Thanks, what really hurt me, and made me decide to do it was the idea that this kid, not really bad, just misguided, would be sitting in jail, not because he did anything wrong, but because his mom and step dad abandoned him, and he had nowhere else.

posted on Apr, 12 2012 @ 02:12 PM
The facts of the US prison system are horrible through and through.

- The US has less than 5% of the world's total human population, but nearly 25% of the world's entire prison population.
- Crime in the USofA has decreased substantially in the last decades while incarceration has increased stratospherically.
- The majority of "criminals" are in prison for non-violent crimes....  Mostly non-white for drugs (in most places), while in fact whites use drugs more than non-whites...
- Etc....

But regarding juveniles, the facts can be beyond horrific.

- The US has 2,500 individuals, who committed crimes as juveniles, in prison for life without the possibility of parole. That is, they've been locked up, with the key thrown away. That means that these KIDS are going to DIE in prison for stuff that they did (or didn't do) when they were under 18 years old, and before the frontal cortexes in their brains (where judgment and such happens) are actually fully WIRED. 

Most of these kids are non-white, and about 1/3 of these KIDS did not actually commit the crime, but were party to the crime.  Which means that if they happen to be in the back seat of a car, and the adult in the front seat shoots somebody out the window, since the KID happens to be there he can and often is convicted of "Felony Murder."  --- Unless of course, his/her daddy is rich and can afford good counsel. Sometimes, the adult who did the shooting often cops a plea and gets hit with six or seven or a dozen years in prison.  BUT the KID, gets life.
>>> Finally, guess how many KIDS are in prison for life without the possibility of parole in the Rest Of The World??   ZERO!

Here's a good recent reference for the above:

posted on Apr, 12 2012 @ 07:07 PM
When I'm posting something on people actually taking action, in concrete and efficient manner, against the proliferation of youth prisons, NOBODY'S READING!

My point is there are ways to counter this. Like stopping to call the cops and snitching on your neighbors for any reason... or attacking these prison projects where they are being promoted, like they did in that story.

It's for your children's sake!

If parent's aren't able to raise their kids properly, the prison system will surely NOT make them any better. They'll end up being violent, messed up, drug addicts, as they WILL get raped and/or beaten regularly, while they are confined within these horrible concrete cells.

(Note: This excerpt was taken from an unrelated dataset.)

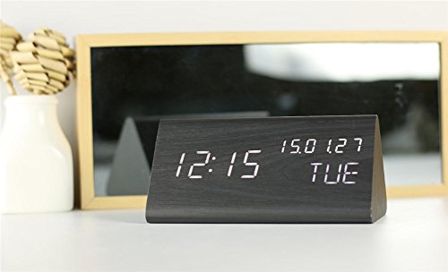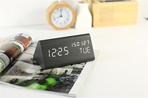 Studio : TRADE® Publisher : TRADE® Binding : Electronics Product Description Display Mode DP-1: Time temperature rotation display/ Display Mode; DP-2: Fixed time display. This alarm clock can automatically or manually adjust brightness, avoiding bright display can not fall asleep. Fashion wooden alarm clock, placed in the living room, bedroom, hotel rooms and other places are very matched and aesthetic. Specification: Product color:Black Wood White Light Product material:MDFPVC Shape: Triangle Product size: 6*3.15*2.7inch/150*80*70mm Package size: 6.7*2.2*3.5inch/170*55*90mm Weight: 0.66lb/300g Power Suppply:USB Cable (Included) and 4*AAA batteries(Not included) What's in your box? 1 * 3D Alarm Clock 1 * User Manual 1 * USB Cable Note: Due to wooden made clock, please use the clock in dry area. Please choose the compatible adapter. If LED display keeps ON and only powered by batteries, batteries are easy to waste (Works around 3 days). Please use the USB cable replaces the batteries to charge your clock.

Whoever thinks the opposite is a glaring hypocrite who never went to jail.
edit on 12/4/12 by Echtelion because: (no reason given)

posted on Apr, 12 2012 @ 07:14 PM
reply to post by bharata

The photo of the boy in the cell with the window boarded up was a tear jerker for me. I find it appalling the system would even allow children to live in this cell.

posted on Apr, 12 2012 @ 08:21 PM

When Ross visited only 35 of the 137 beds were occupied. The population had decreased significantly because of the embrace of the principles of the Juvenile Detention Alternatives Initiative and the leadership of Judge Edwards.